И то, что мы не можем почерпнуть никакой информации из беседы Стивена и Блума в "Итаке", не означает, что встреча не состоялась, ибо "всякая действительная жизнь есть встреча":

"- Какой же опыт получает человек от Ты?
- Никакого. Ибо Ты не раскрывается в опыте.
- Что же тогда человек узнает о Ты?
- Только все. Ибо он больше не узнает о нем ничего по отдельности."
(Бубер, "Я и Ты" — 40, 21)

Но как узнать о том, что встреча все-таки состоялась, как это можно вывести из текста? Обратимся к материалу эпизода "Итака".

По замыслу Джойса, все события в "Итаке" разрешаются в свои космические, физические и психические эквиваленты, а Блум и Стивен превращаются в небесные тела, в странников, подобных тем звездам, на которые они смотрят. Блум (не Стивен!) наделяется новым именем: Всякий-и- Никто. Границы Блума-человека и границы Вселенной размываются: Вселенная распахивается, подтверждая масштаб события.

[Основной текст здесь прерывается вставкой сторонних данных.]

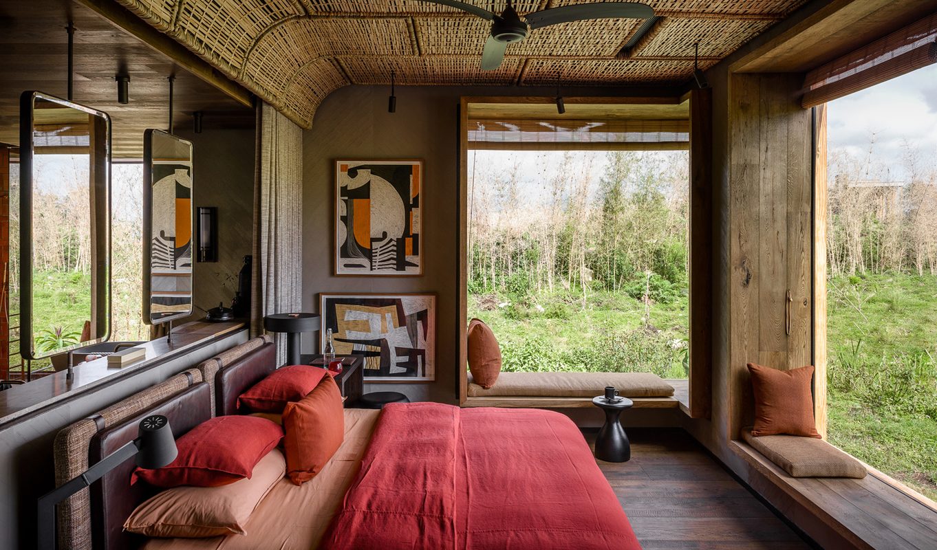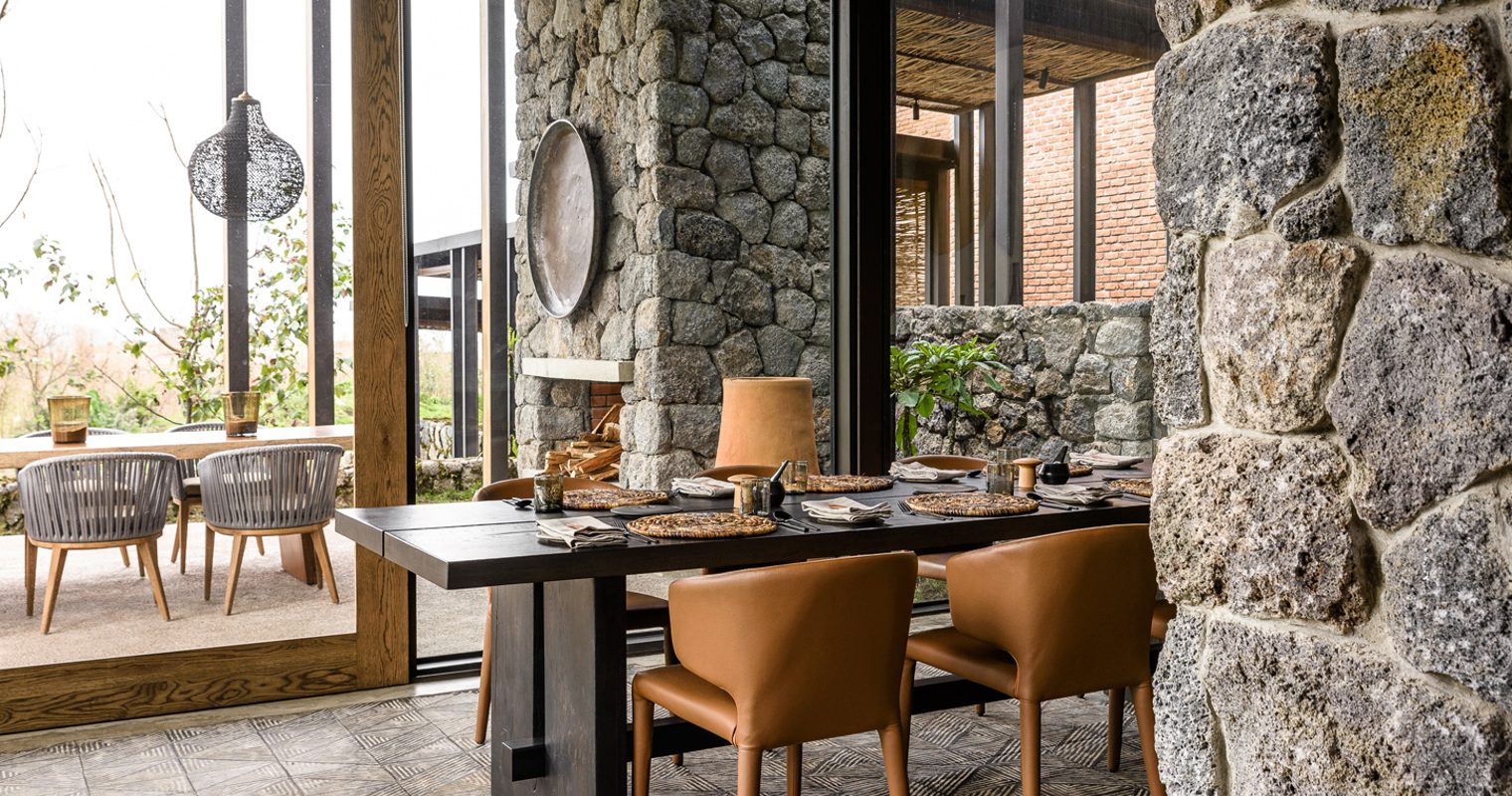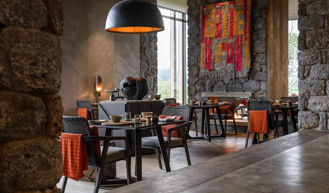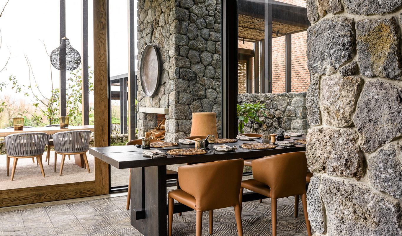 A unique feat of contemporary architecture, nestled amid the lush landscapes of Rwanda’s Volcanoes National Park, Singita Kwitonda Lodge is redefining the gorilla tracking experience. From the outside, you’d easily lose this luxury lodge within the landscape but all that changes on stepping inside. Whether it’s the eight suites, the outdoor firepit or the central hub, natural materials such as volcanic rock and river stone have been used to masterful effect in creating a striking design full of local touches, bright colors and luxurious undertones.

Что означает этот выход за границы, который подчеркнут тем, что Джойс называет временем следующего эпизода "бесконечность"? Это выход за пределы мира "Оно" в мир подлинного бытия, ведь "Оно существует лишь в силу того, что граничит с другими. Но когда говорится Ты, нет никакого Нечто. Ты безгранично" (40, 17). Архетипические модели, которыми пользуется Джойс в этом и в следующем, последнем эпизоде, подтверждают нашу гипотезу. Встреча — тот ключ, обретая который Блум превращает Хаос романа в Космос: "и вот уже отведена угроза бездны, лишенное ядра Многое более не играет в переливчатом равенстве своего притязания, но лишь Двое друг подле друга" (40, 45). Роман обретает свое ядро, а эпизод, чья форма "вопрос-ответ" кажется монотонной и сухой, оказывается наполнен подлинным человеческим теплом. Одиссей-Блум странствовал. Куда? К лону жизни, к ее истокам, в утробу Геи- Пенелопы. И это возвращение происходит в "Итаке", после общения со Стивеном, а не в эпизоде "Пенелопа". Блум — "усталое дитя-муж, мужедитя в утробе" ("Улисс" — 7, 142), потому что "Ты открывает больше, ему дается больше, чем может изведать Оно. Ничего неподлинного не проникнет сюда: здесь колыбель Действительной Жизни" (40, 20) И он возвращается в эту колыбель.

Так произносится основное слово "Я-Ты" романа, так происходит встреча с Другим и так Джойс обретает "иудейского Другого" в себе.